Sampling temperature

top_p

Optional[float]

1.0

Nucleus sampling threshold

max_tokens

Optional[int]

256

Maximum tokens to generate

stop

Optional[List[str]]

None

Stop strings

ignore_eos

Optional[bool]

False

Ignore end-of-sequence token

stream

Optional[bool]

False

Enable server-sent events streaming

seed

Optional[int]

None

Random seed

CompletionRequest fields:

Field

Type

Default

Description

model

Optional[str]

None

Model name

prompt

str

(required)

Text prompt

temperature

Optional[float]

1.0

Sampling temperature

top_p

Optional[float]

1.0

Nucleus sampling threshold

max_tokens

Optional[int]

256

Maximum tokens to generate

stop

Optional[List[str]]

None

Stop strings

ignore_eos

Optional[bool]

False

Ignore end-of-sequence token

stream

Optional[bool]

False

Enable SSE streaming

1.3 Response Models

Both ChatCompletionResponse and CompletionResponse include:

  • id – unique request identifier (e.g. chatcmpl-<uuid> or cmpl-<uuid>)

  • object"chat.completion" or "text_completion"

  • created – Unix timestamp

  • model – model name

  • choices – list of generated completions

  • usage – token counts (prompt_tokens, completion_tokens, total_tokens) plus ttft_s, tpot_s, and latency_s timing fields

Streaming responses use the SSE (Server-Sent Events) protocol with data: [DONE]\n\n as the termination signal.

1.4 Server Startup

python -m atom.entrypoints.openai_server \
    --model <model_name_or_path> \
    --kv_cache_dtype fp8 \
    --host 0.0.0.0 \
    --server-port 8000

Server-specific CLI arguments:

Argument

Default

Description

--host

0.0.0.0

Bind address

--server-port

8000

HTTP port (note: --port is for internal engine communication)

All EngineArgs arguments are also accepted (see Section 7 for the full list).

1.5 Example: curl

# Non-streaming chat completion
curl http://localhost:8000/v1/chat/completions \
  -H "Content-Type: application/json" \
  -d '{
    "model": "deepseek-ai/DeepSeek-R1",
    "messages": [{"role": "user", "content": "Hello!"}],
    "max_tokens": 128
  }'

# Streaming text completion
curl http://localhost:8000/v1/completions \
  -H "Content-Type: application/json" \
  -d '{
    "prompt": "The capital of France is",
    "max_tokens": 64,
    "stream": true
  }'

2. Programmatic API (LLMEngine)

The LLMEngine class in atom/model_engine/llm_engine.py provides a Python-native interface for inference without running an HTTP server.

2.1 Initialization

from atom import LLMEngine, SamplingParams

engine = LLMEngine(model="deepseek-ai/DeepSeek-R1", kv_cache_dtype="fp8",
                   tensor_parallel_size=8)

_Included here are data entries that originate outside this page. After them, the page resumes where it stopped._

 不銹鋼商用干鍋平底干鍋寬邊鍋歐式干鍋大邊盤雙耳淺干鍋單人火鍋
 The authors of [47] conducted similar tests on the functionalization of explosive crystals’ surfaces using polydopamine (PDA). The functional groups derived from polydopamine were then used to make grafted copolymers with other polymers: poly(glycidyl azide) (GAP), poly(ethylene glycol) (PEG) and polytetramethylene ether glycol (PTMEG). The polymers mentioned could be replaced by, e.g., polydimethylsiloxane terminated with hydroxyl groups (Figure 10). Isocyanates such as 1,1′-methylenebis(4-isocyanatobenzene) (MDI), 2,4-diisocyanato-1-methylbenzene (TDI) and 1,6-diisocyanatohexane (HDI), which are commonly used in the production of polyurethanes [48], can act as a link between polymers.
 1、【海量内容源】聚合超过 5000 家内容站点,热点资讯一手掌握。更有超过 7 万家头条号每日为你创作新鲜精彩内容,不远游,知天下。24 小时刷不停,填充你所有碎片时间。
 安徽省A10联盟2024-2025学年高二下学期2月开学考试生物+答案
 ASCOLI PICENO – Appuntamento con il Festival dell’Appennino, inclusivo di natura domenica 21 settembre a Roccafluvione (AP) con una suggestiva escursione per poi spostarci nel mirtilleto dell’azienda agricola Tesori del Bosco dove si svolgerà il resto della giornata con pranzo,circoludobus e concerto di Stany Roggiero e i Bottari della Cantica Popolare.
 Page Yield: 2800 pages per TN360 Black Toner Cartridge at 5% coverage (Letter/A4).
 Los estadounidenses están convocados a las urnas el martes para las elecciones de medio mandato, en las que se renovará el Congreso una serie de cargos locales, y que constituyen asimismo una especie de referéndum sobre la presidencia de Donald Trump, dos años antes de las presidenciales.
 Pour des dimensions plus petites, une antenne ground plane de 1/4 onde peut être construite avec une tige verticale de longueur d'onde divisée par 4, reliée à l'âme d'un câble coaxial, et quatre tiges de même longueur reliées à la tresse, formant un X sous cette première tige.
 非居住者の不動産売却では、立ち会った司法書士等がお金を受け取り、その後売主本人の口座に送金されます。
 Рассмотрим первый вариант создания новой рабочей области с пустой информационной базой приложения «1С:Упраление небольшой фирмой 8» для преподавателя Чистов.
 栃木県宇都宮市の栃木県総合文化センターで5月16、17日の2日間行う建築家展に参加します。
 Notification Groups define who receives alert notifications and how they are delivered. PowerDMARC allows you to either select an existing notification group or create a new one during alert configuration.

LLMEngine.__init__(model, **kwargs) accepts all Config field names as keyword arguments (e.g. tensor_parallel_size, kv_cache_dtype, max_model_len, data_parallel_size, gpu_memory_utilization).

2.2 SamplingParams

Defined in atom/sampling_params.py:

@dataclass
class SamplingParams:
    temperature: float = 1.0
    max_tokens: int = 64
    ignore_eos: bool = False
    stop_strings: Optional[list[str]] = None

2.3 Core Methods

Method

Signature

Description

generate

(prompts: list[str], sampling_params) -> list[dict]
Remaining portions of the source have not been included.